_WHAT YOU ARE ASKED TO DO_
Your job is to print, exactly, the lines in the data below from the line with "Zara, Multi Orange, White, Black, High" through the line with "Anjing berbadan manusia.", both included, and to omit any picture.

_TASK MATERIAL_
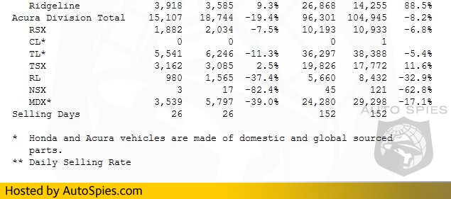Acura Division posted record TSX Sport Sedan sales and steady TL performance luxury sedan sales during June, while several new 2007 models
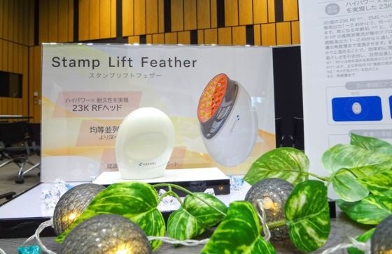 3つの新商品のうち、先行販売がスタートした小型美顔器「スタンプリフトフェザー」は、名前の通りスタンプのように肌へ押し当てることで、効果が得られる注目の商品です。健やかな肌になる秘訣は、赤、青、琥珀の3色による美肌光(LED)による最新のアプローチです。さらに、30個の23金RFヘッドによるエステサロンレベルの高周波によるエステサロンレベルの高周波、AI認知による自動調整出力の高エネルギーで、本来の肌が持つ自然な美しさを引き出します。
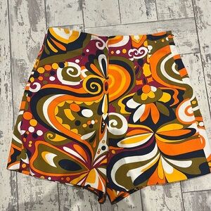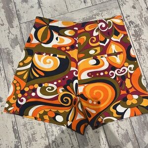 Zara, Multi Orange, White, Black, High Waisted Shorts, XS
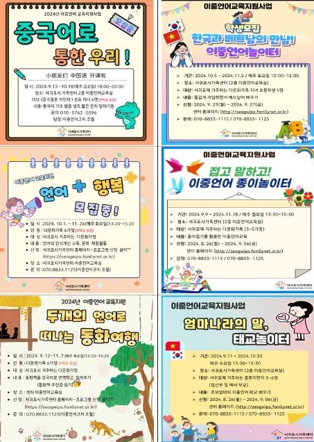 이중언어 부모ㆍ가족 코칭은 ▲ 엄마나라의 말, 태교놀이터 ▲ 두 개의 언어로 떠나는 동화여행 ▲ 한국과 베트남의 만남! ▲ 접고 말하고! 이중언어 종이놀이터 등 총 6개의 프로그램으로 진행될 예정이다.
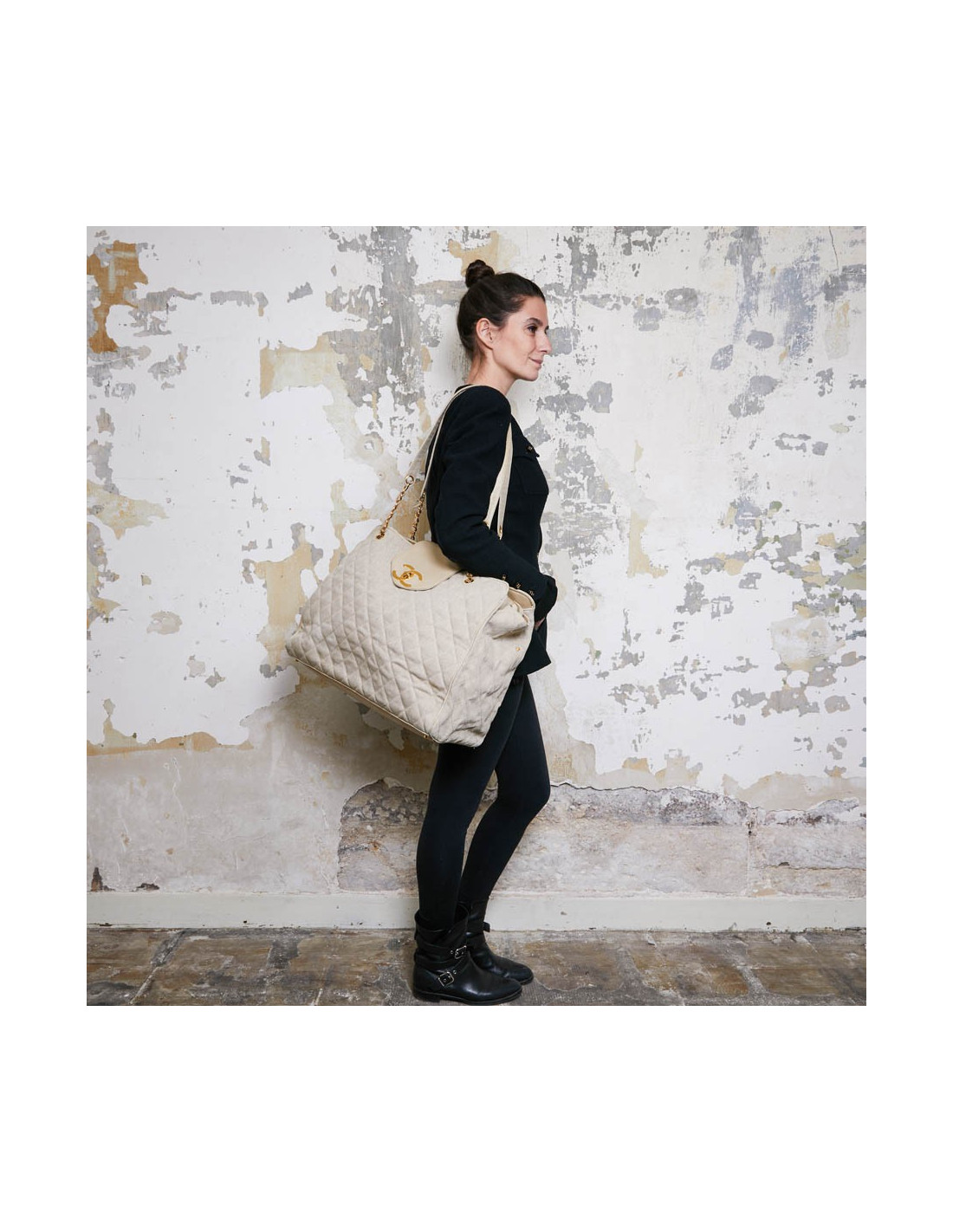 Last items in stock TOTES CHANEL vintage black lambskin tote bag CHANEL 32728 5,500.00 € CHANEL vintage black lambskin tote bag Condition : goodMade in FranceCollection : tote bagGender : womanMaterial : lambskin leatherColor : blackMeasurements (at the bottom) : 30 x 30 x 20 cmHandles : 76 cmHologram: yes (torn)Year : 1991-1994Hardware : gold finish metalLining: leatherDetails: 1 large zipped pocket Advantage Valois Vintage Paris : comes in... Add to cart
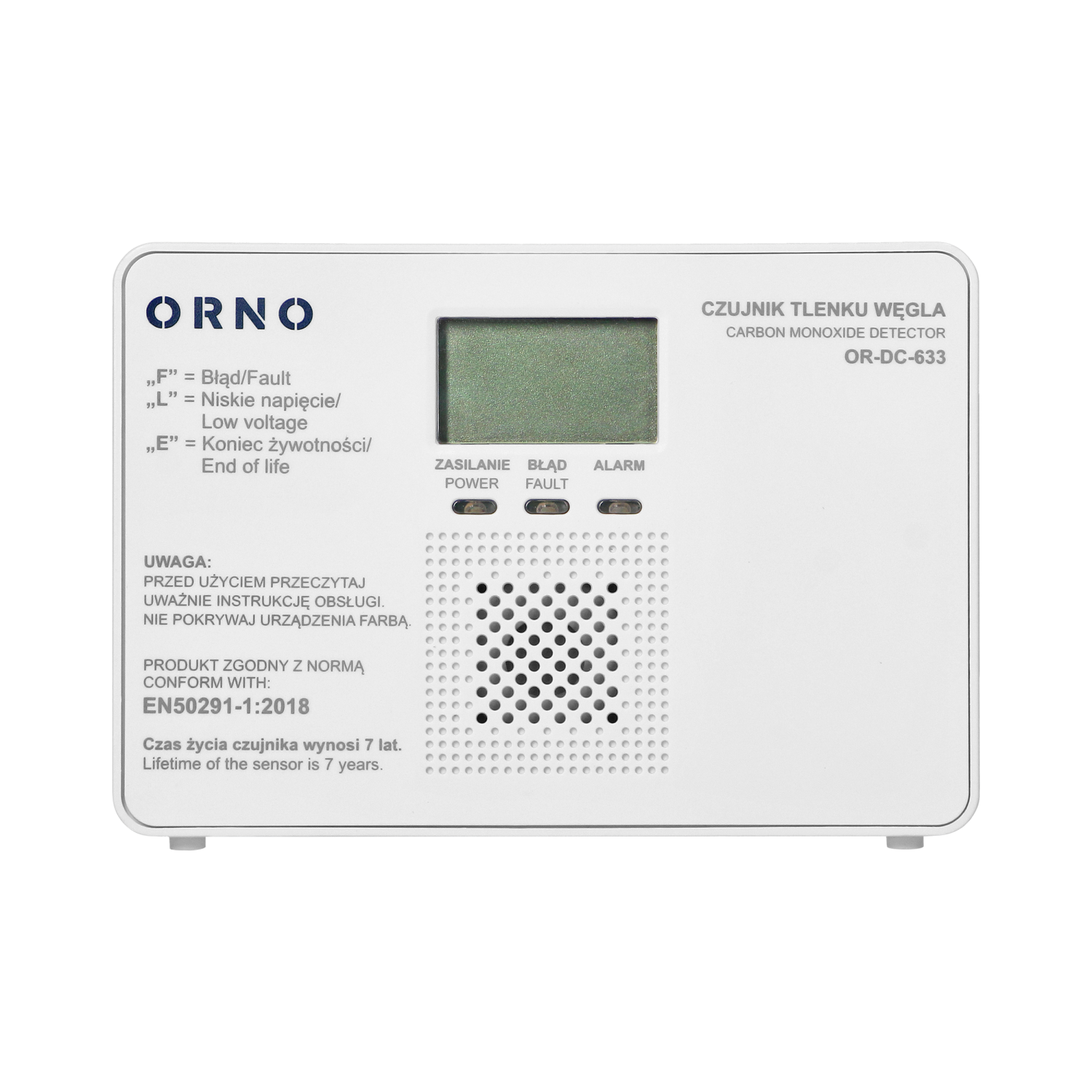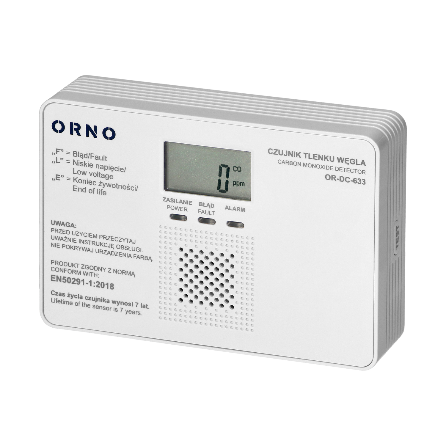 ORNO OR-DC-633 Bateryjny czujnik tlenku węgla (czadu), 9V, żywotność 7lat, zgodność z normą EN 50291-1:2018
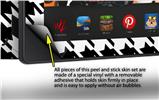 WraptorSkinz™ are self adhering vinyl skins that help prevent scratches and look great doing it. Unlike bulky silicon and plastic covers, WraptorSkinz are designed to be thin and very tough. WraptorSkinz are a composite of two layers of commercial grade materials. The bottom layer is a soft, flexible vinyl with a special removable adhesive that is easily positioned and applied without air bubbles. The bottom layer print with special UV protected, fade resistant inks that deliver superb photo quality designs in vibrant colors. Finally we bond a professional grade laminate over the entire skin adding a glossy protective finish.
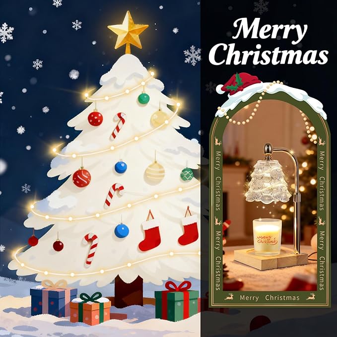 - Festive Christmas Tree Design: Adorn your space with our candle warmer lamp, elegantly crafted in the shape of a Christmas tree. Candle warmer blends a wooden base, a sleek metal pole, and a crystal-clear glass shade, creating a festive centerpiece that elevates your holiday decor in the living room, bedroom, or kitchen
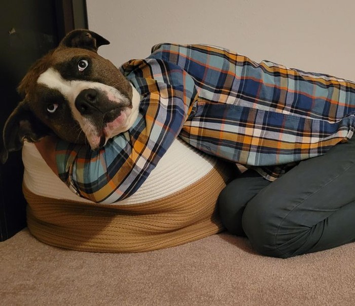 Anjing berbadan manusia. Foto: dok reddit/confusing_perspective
--
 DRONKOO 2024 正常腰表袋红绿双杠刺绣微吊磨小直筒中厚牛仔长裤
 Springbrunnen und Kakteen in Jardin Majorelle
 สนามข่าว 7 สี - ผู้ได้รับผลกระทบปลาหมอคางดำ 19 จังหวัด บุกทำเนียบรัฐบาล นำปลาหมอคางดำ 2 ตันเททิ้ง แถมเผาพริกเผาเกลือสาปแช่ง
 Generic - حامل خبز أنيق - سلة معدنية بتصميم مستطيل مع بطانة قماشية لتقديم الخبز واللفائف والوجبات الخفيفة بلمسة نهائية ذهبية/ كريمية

_SOLUTION FOR THIS TASK_
 Zara, Multi Orange, White, Black, High Waisted Shorts, XS
 이중언어 부모ㆍ가족 코칭은 ▲ 엄마나라의 말, 태교놀이터 ▲ 두 개의 언어로 떠나는 동화여행 ▲ 한국과 베트남의 만남! ▲ 접고 말하고! 이중언어 종이놀이터 등 총 6개의 프로그램으로 진행될 예정이다.
 Last items in stock TOTES CHANEL vintage black lambskin tote bag CHANEL 32728 5,500.00 € CHANEL vintage black lambskin tote bag Condition : goodMade in FranceCollection : tote bagGender : womanMaterial : lambskin leatherColor : blackMeasurements (at the bottom) : 30 x 30 x 20 cmHandles : 76 cmHologram: yes (torn)Year : 1991-1994Hardware : gold finish metalLining: leatherDetails: 1 large zipped pocket Advantage Valois Vintage Paris : comes in... Add to cart
 ORNO OR-DC-633 Bateryjny czujnik tlenku węgla (czadu), 9V, żywotność 7lat, zgodność z normą EN 50291-1:2018
 WraptorSkinz™ are self adhering vinyl skins that help prevent scratches and look great doing it. Unlike bulky silicon and plastic covers, WraptorSkinz are designed to be thin and very tough. WraptorSkinz are a composite of two layers of commercial grade materials. The bottom layer is a soft, flexible vinyl with a special removable adhesive that is easily positioned and applied without air bubbles. The bottom layer print with special UV protected, fade resistant inks that deliver superb photo quality designs in vibrant colors. Finally we bond a professional grade laminate over the entire skin adding a glossy protective finish.
 - Festive Christmas Tree Design: Adorn your space with our candle warmer lamp, elegantly crafted in the shape of a Christmas tree. Candle warmer blends a wooden base, a sleek metal pole, and a crystal-clear glass shade, creating a festive centerpiece that elevates your holiday decor in the living room, bedroom, or kitchen
 Anjing berbadan manusia. Foto: dok reddit/confusing_perspective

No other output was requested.